Okay, if you didn't catch it, that last paragraph was thrown in to prove a point. Did you see the pattern? Each sentence (except for one) was 10-13 words long with no commas. It felt choppy and boring, didn't it? It stood out. That is the opposite of what we want. A reader's eyes should float through the page and allow them to get lost in the story without cumbersome, robotic sentence structure.
Here's another example:
Bobby squinted in the sun, determined to reach the sword at all costs. It would be hard, but he had to try. His sister's life was in jeopardy, and he couldn't give up. If he did, she would die. He sighed, then picked up his pack. It was several hours until sunset, and he wanted to get in as many miles as possible. Once they found out his plan, he would be in grave danger.
Here's the same story, but with varying sentence structure:
Bobby squinted in the sun. He was determined to reach the sword at all costs. It would be hard, but he had to try--his sister's life was in jeopardy, and he couldn't give up. If he did, she would die. He sighed, then picked up his pack. It was several hours until sunset. He wanted to get in as many miles as possible, because once they found out his plan, he would be in grave danger.
Make sense? With a little practice, it isn't hard to pick up on sentence structure. As you read books by other authors, it will become easier to determine the authors who have this concept figured out and those who don't.
So, how do we use this in our writing?
Here's what I would recommend. Choose five random paragraphs in your story, each from a different scene. Then take a magnifying glass (figuratively, of course, unless you want a headache) and analyze their sentences. Is there a pattern? Do you tend to use short sentences like those above? Does each sentence contain one comma? Two? Everyone has a pet "structure" that they use too often. Now that you're aware, you can watch for it. Whenever that structure comes up while editing, see if you can switch the order of the sentence (or other sentences around it) a bit. It'll probably make a huge difference.
Different structures can be used for different purposes.

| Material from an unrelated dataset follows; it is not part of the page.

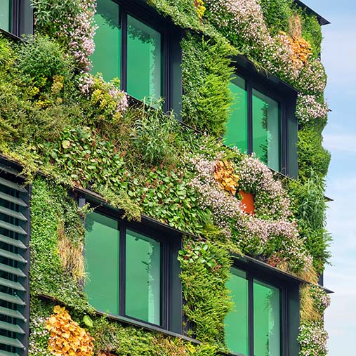 Gebouwen en het omliggende terrein bieden keur van mogelijkheden voor vergroening, biodiversiteit, regenwaterhuishouding en het tegengaan van hittestress. Zie thema Vergroening.

As you read books from the nationally recognized authors, pay close attention to pacing. Many of them use longer sentences during the slower, more thoughtful scenes, then pick up the pace with shorter sentences when the action hits. This is because a reader's heart rate actually increases when many shorter sentences are used together. It's a simple way to add a little umph to a lagging climax.
Similarly, you may notice that certain sentence structures lend themselves to more white space, which allows the reader to cruise through at a faster pace. You may notice this with dialogue, too.
Varying sentence structure is even more important when you have more than one viewpoint character. In real life, some people talk in short, trite sentences while others ramble on. If you don't differentiate the same way in your book, you're missing out on an important writing tool.
I learned this the hard way. My YA thriller, Numbers Game (coming out in Spring 2015), has two first-person viewpoint characters, a guy and a girl. In early drafts, my beta readers complained that the characters sounded the same. A critique group buddy gave me a Lee Child novel so I could read "what a real man sounded like." It helped. I immediately went back to my manuscript and changed the structure of almost every sentence from his point of view to reflect the more terse, concise manner of a no-nonsense type of guy. Now every reader says they like his character best.
Sentence structure is a tool, a secret weapon of sorts for the wise and experienced writer. It's the ability to wield sentence structure, transform it, and use it to his or her advantage. Don't be afraid to play around with the concept. It may be just the breath of fresh air that your writing needs to take you to the next level.